• Problem to work on
Keep the text of the data exactly as it is and omit each picture from the copy.

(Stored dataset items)
= Beginning of Section =

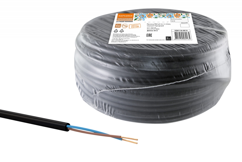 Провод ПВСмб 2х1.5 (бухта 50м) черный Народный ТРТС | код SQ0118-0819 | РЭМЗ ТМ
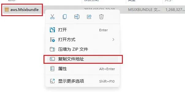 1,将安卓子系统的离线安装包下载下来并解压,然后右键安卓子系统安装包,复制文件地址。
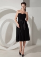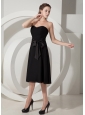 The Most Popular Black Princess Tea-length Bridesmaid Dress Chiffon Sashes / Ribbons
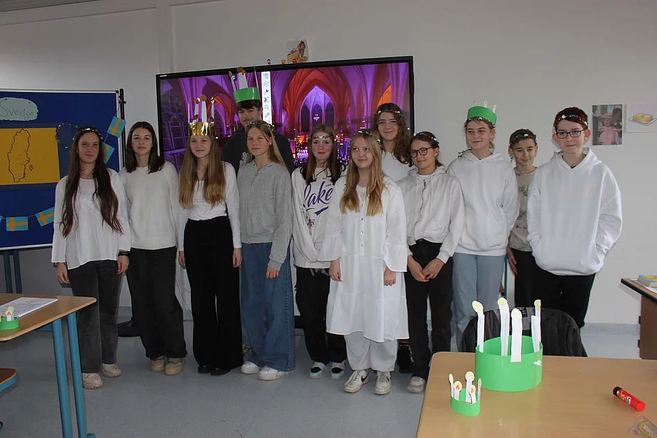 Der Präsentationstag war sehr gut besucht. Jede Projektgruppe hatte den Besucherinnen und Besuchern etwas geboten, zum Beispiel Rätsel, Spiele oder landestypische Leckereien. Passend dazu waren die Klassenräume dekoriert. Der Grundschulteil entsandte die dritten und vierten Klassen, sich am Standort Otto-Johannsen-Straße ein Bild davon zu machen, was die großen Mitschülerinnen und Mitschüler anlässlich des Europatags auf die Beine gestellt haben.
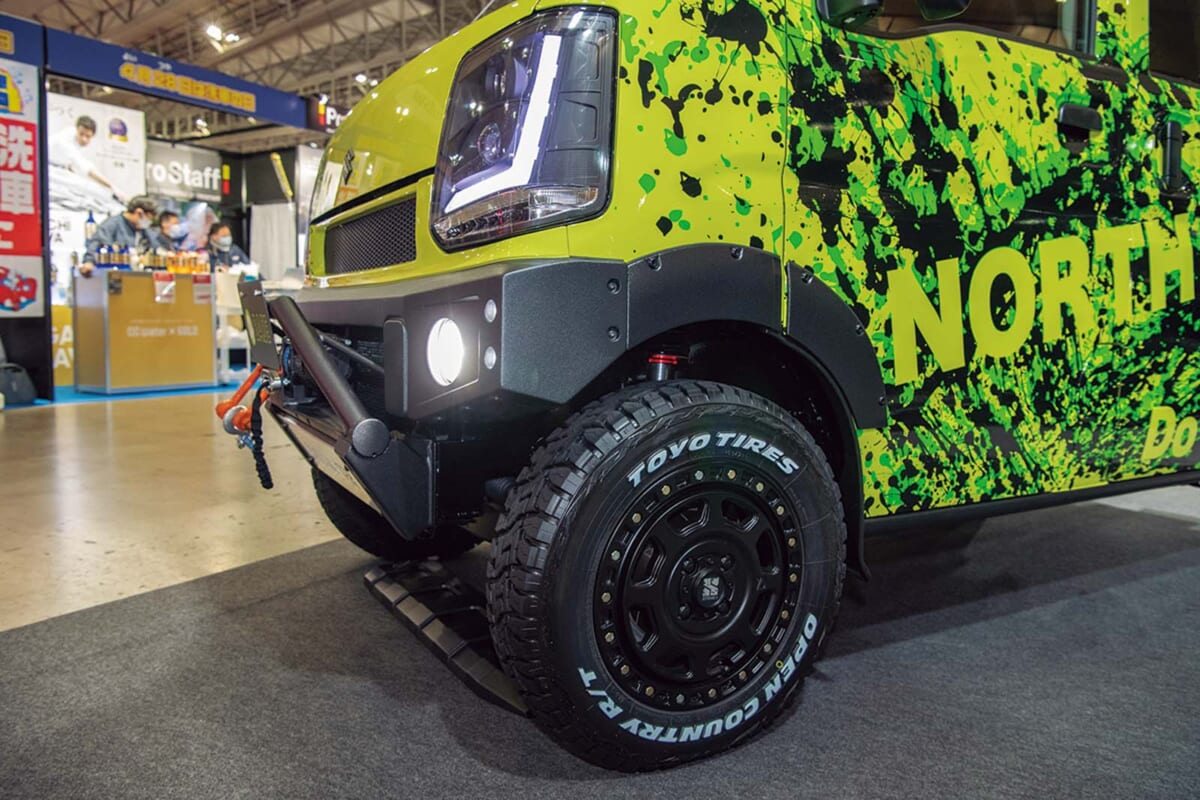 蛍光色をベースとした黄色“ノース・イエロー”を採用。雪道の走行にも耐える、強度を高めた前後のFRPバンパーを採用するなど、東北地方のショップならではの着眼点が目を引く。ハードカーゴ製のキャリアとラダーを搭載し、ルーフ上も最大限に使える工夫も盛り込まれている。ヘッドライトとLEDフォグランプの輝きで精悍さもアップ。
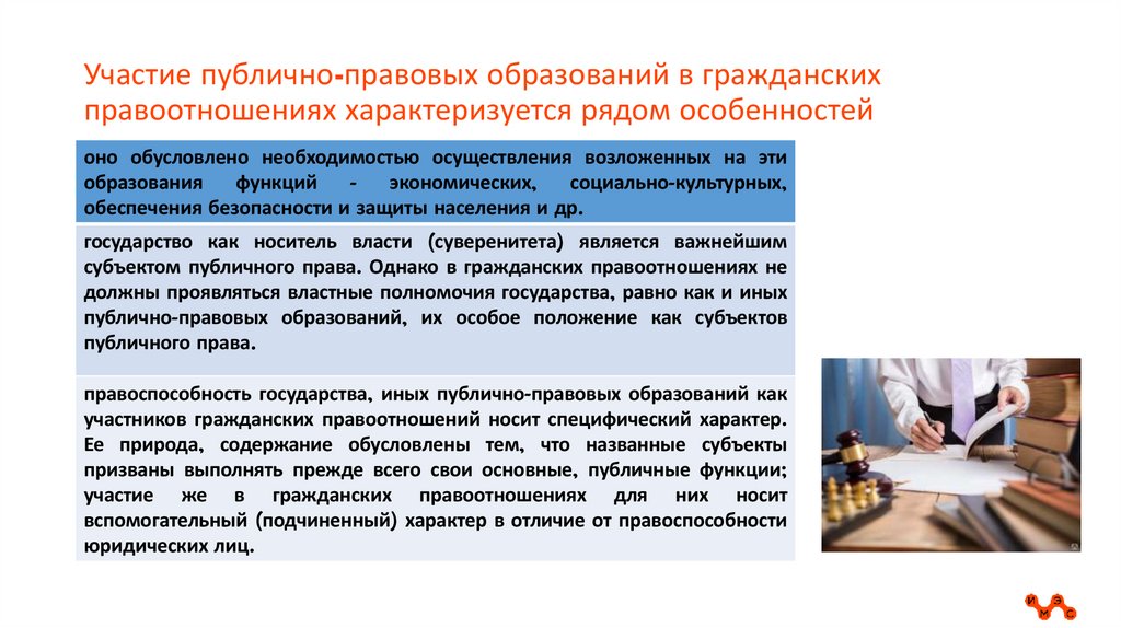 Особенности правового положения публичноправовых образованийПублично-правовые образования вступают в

= End of Section =

• Response area
 Провод ПВСмб 2х1.5 (бухта 50м) черный Народный ТРТС | код SQ0118-0819 | РЭМЗ ТМ
 1,将安卓子系统的离线安装包下载下来并解压,然后右键安卓子系统安装包,复制文件地址。
 The Most Popular Black Princess Tea-length Bridesmaid Dress Chiffon Sashes / Ribbons
 Der Präsentationstag war sehr gut besucht. Jede Projektgruppe hatte den Besucherinnen und Besuchern etwas geboten, zum Beispiel Rätsel, Spiele oder landestypische Leckereien. Passend dazu waren die Klassenräume dekoriert. Der Grundschulteil entsandte die dritten und vierten Klassen, sich am Standort Otto-Johannsen-Straße ein Bild davon zu machen, was die großen Mitschülerinnen und Mitschüler anlässlich des Europatags auf die Beine gestellt haben.
 蛍光色をベースとした黄色“ノース・イエロー”を採用。雪道の走行にも耐える、強度を高めた前後のFRPバンパーを採用するなど、東北地方のショップならではの着眼点が目を引く。ハードカーゴ製のキャリアとラダーを搭載し、ルーフ上も最大限に使える工夫も盛り込まれている。ヘッドライトとLEDフォグランプの輝きで精悍さもアップ。
 Особенности правового положения публичноправовых образованийПублично-правовые образования вступают в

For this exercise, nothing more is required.